Patterson was reacting to the decision of the Windies one-day team to abort their tour of India over a pay dispute with the West Indies Players' Association (WIPA).

However, Patterson said much of the blame resided with the WICB as it failed to engage the reform needed to streamline its governance of the game, reports CMC.

"It reflects a total collapse of a governance system and that has contributed to my hurt because when I was asked to look at the structure of governance of West Indies cricket, we made some far reaching recommendations," Patterson said.

"And had they been implemented they would have been spared much of the hurt and agony which we are now experiencing because the management for the way forward, required them and even more so, a skill set that begins with the Board, the constituent elements and must of course the players themselves."

Patterson was one of three eminent persons, including Alister McIntyre and Ian McDonald, commissioned by the WICB to examine the structure of West Indies cricket.

Among the 65 recommendations in the 138-page report delivered seven years ago, was a restructuring of the Board to reflect a reduction in the number of directors and a widening of stakeholder involvement.

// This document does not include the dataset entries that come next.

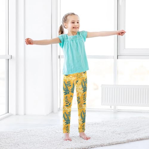 KLL Ferns Vintage Botanical Saffron Little Girls Legging Comfortable High Waisted Pants Gym 5
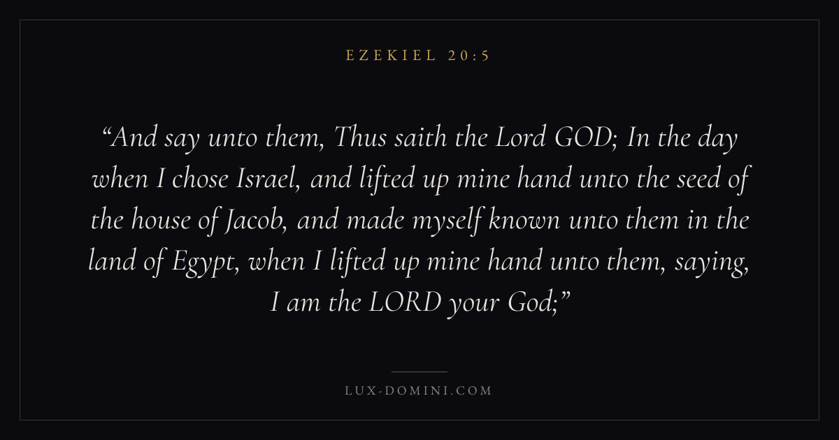And say unto them, Thus saith the Lord GOD; In the day when I chose Israel, and lifted up mine hand unto the seed of the house of Jacob, and made myself known unto them in the land of Egypt, when I lifted up mine hand unto them, saying, I am the LORD your God;
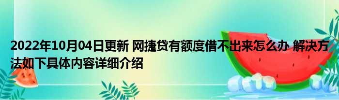 2022年10月04日更新 网捷贷有额度借不出来怎么办 解决方法如下具体内容详细介绍
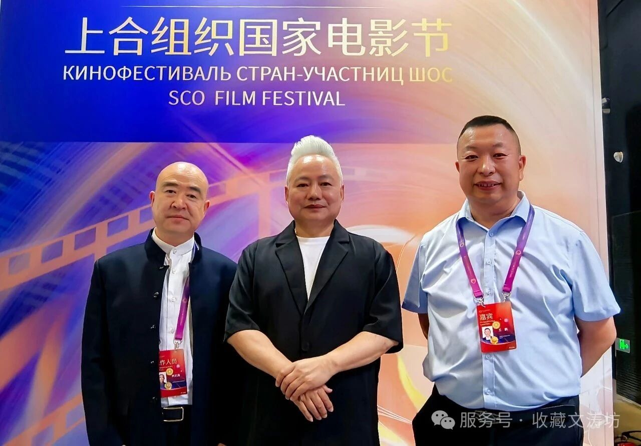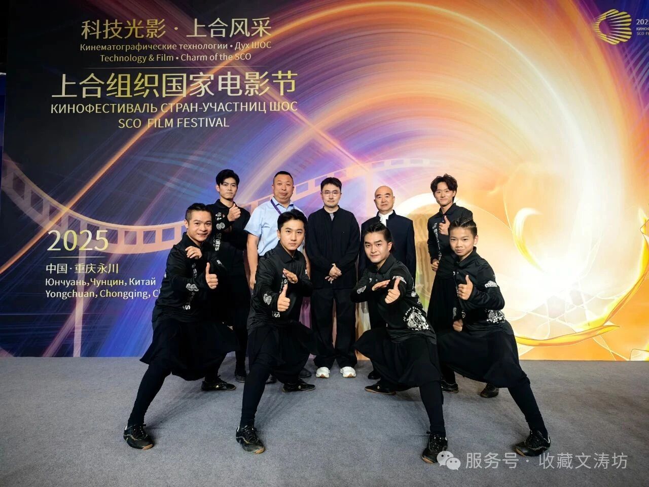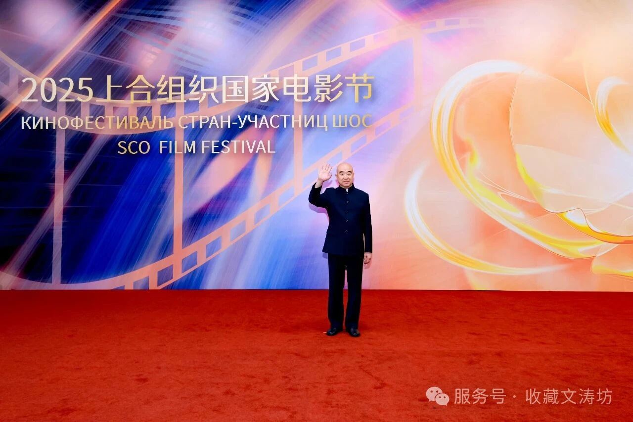 我们欢迎著名古兵器收藏家刘文涛入场,也请先移步我们的媒体拍照区。刘文涛是非物质文化遗产宝剑锻造第六代传人,中国古兵器艺术博物馆馆长、中国工艺美术协会评审委员会委员。刘文涛老师作为2022年冬奥会值日生,亲自设计了冬奥主题的圣火之剑,向世界展示中国的传统文化之美(主持人)在 2025 上合组织国家电影节现场,“科技光影・上合风采” 背景前,武术团队以刚劲姿态亮相,传统武术与光影盛会碰撞,展现多元文化交融活力,为电影节增添独特的东方力量与艺术氛围 。2025 上合组织国家电影节的活动现场,嘉宾们在 “科技光影・上合风采” 主题背景板前相聚。不同风格着装的身影,彰显多元魅力,共同为这场光影盛会添彩,见证上合电影交流的精彩时刻 。
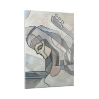 Glasbild - Bild auf glas - Eine abstrakte Szene mit zwei Figuren im kubistischen Stil. - 50x70cm - Mosaik aus Geist und Materie - Moderne Wanddekoration für Wohnzimmer und Schlafzimmer ARTTOR

This is yet to be implemented.

Patterson said the situation in India had been upsetting.

"I regard what has happened in India as an act of final humiliation, not only for West Indies cricket but a betrayal of the West Indies cricket and it has left me with a deep feeling of hurt and anger," Patterson said.

With Grenada prime minister Keith Mitchell offering to intervene in the impasse, Patterson said he hoped all the relevant parties would take on board this proposition.

"I hope they will avail themselves of what he has to offer. I also note that a task force has been established to investigate what went wrong and I would rather await the report of that task force before engaging in any further comment."